Born in 1869 and raised in Gujarat, Mohandas Gandhi was one of the foremost men to help lead the nationalist movement. Gandhi is probably the best known proponent of passive resistance and this idea helped him to achieve the goal of Indian nationalism. His inflexible self-control helped him to be the great leader that his is known as today and helped to fuel his fire for a new India.

Gandhi studied law in London and then went to South Africa to work as a lawyer for Indian immigrants. He then returned to India and set up a nonviolent movement based on his experiences gained from South Africa. His goal was to free India from British rule and to gain self-respect and confidence for his people. He believed adamantly in a few things, one, passive resistance, two god as a creator and not as a religion, and three, the return of India to its roots.
His actions of passive resistance presented a great force upon the British. Although hard to control at times, the idea eventually worked in the end. Gandhi practiced protesting, fasting, and the boycotting of British goods. To accomplish the last he made his own clothes that were simple and made from hand-woven wool. The spinning wheel was one of the symbols used in his fight for India.
Gandhi gave new life to the old idea of nationalism indeed. He helped to spark the fire that once was weak and now burned brightly. By his actions and protests and rallies for nationalism, he helped to try to unite Muslim and Hindu against their oppressors. Gandhi gave speeches on god attempting to show him as one entity as opposed to being separate through religion. These speeches helped to give Muslims and Hindus common ground on which to fight. The theory was good but in the end it did not work, bringing about two separate independent countries as opposed to one strong nation.
One of the greatest examples of the passive resistance, but certainly not the last, movement was the march to Dandi from 240 miles away. The march took 24 days and went through towns where Gandhi preached his ideas of passive resistance and gained followers. By the end of the march Gandhi had thousands of followers that followed his example and began to make salt on the shore. This act was a direct violation of British rule and spoke out against the oppression more than any speech ever could.

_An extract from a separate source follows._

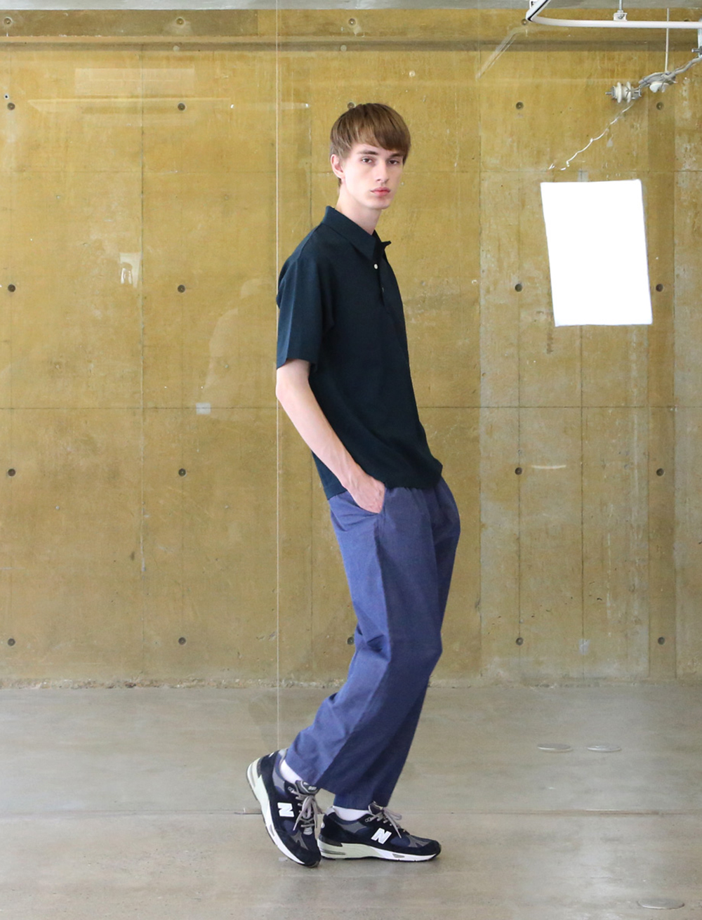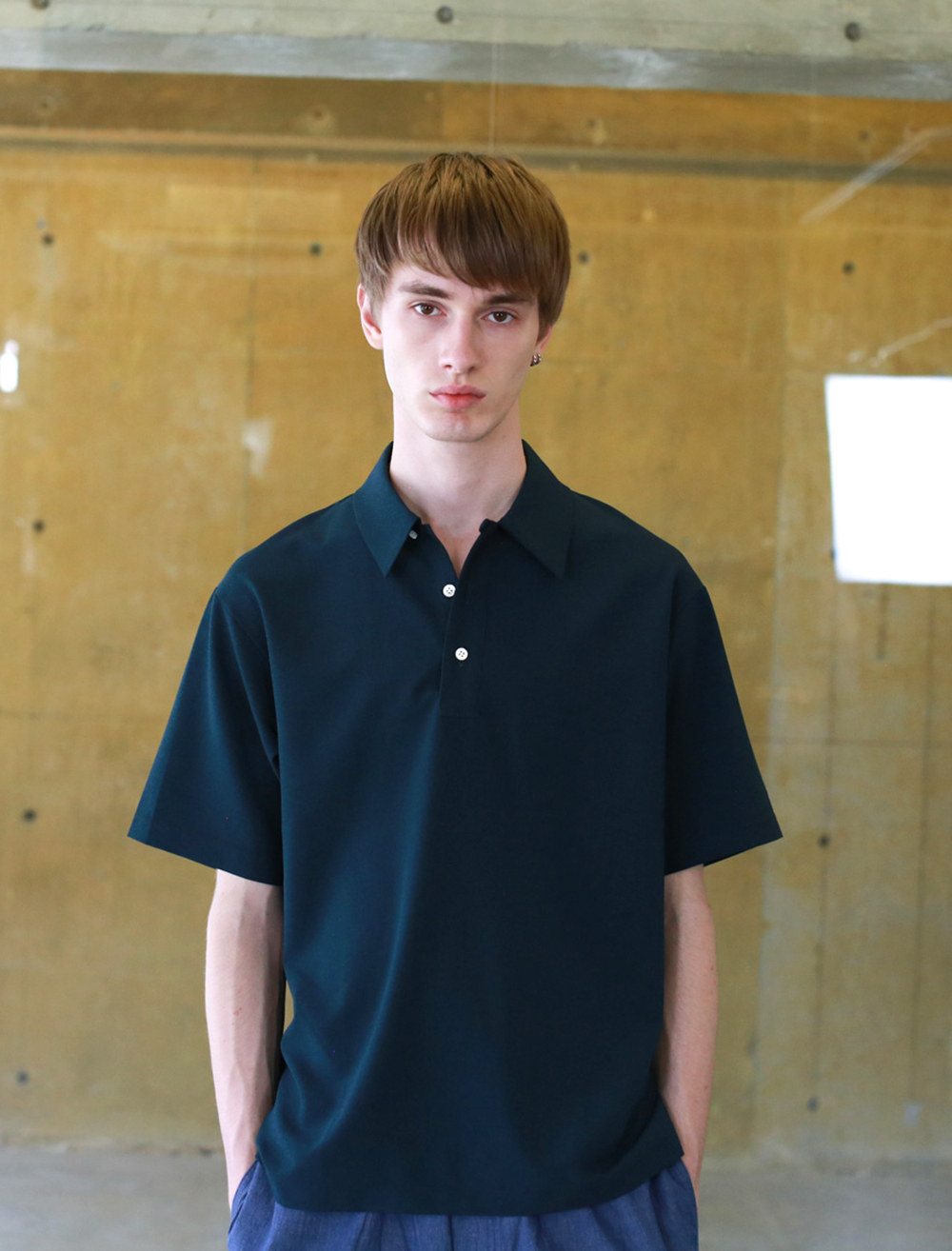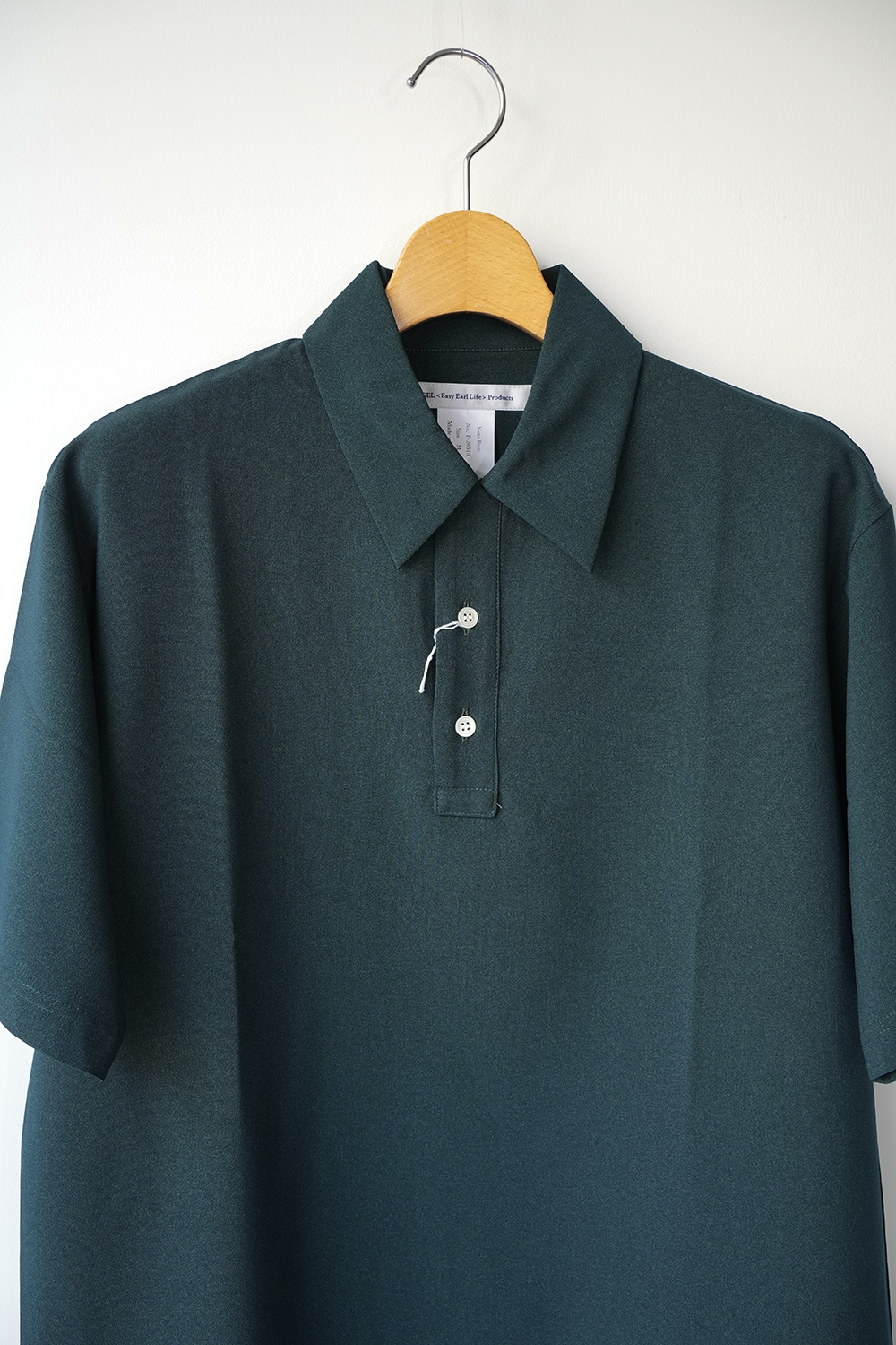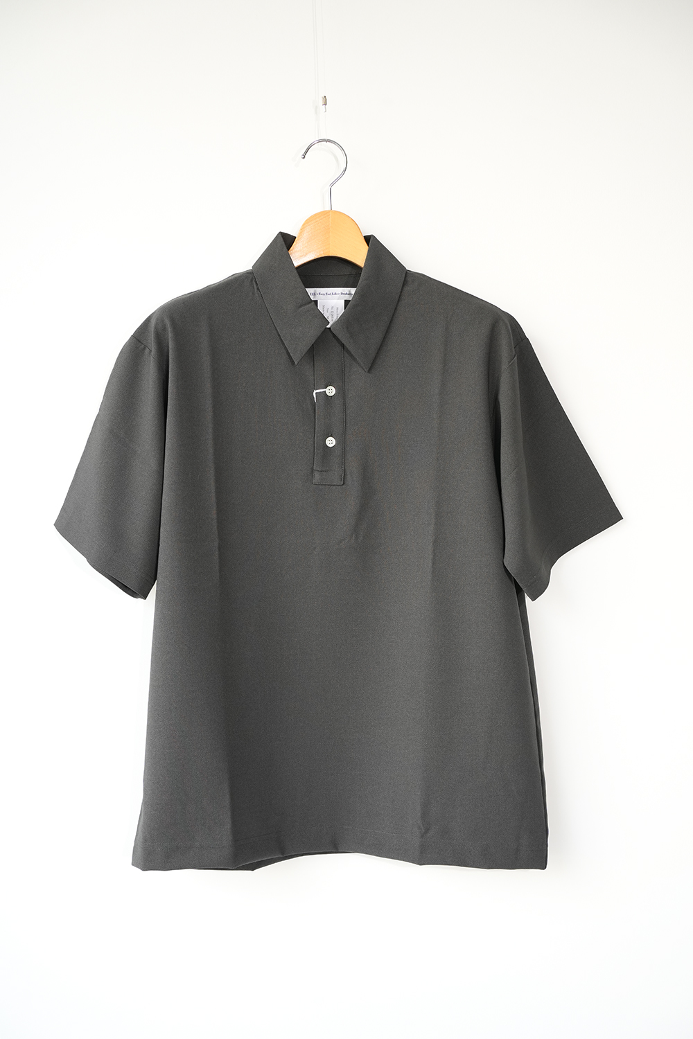 ドライタッチで速乾性に優れたEEL Prodcuts定番のポロシャツ。第一ボタンをループにした開襟デザイン、ポリエステル素材の快適さ。きめ細かな綺麗な表情と滑らかな肌触りのポリエステル生地、綺麗な襟、無駄のないシンプルなデザインはカジュアルで扱いやすいポリエステル素材でありつつも上品な印象。シルエットはオーバーサイズ過ぎないゆったりさ。ポロシャツでありながらカジュアルになりすぎない綺麗さ。

It would be 16 years after this act of defiance until India was declared free from British rule. The nation of India was declared free but split into two separate countries, India and Pakistan. Gandhi reached his goal of a free India but it was not truly free because of the split. Approximately five months after the British announcement, Gandhi was assassinated on his way to prayer. This was truly a heavyhearted demise of a great leader that is mourned to this day.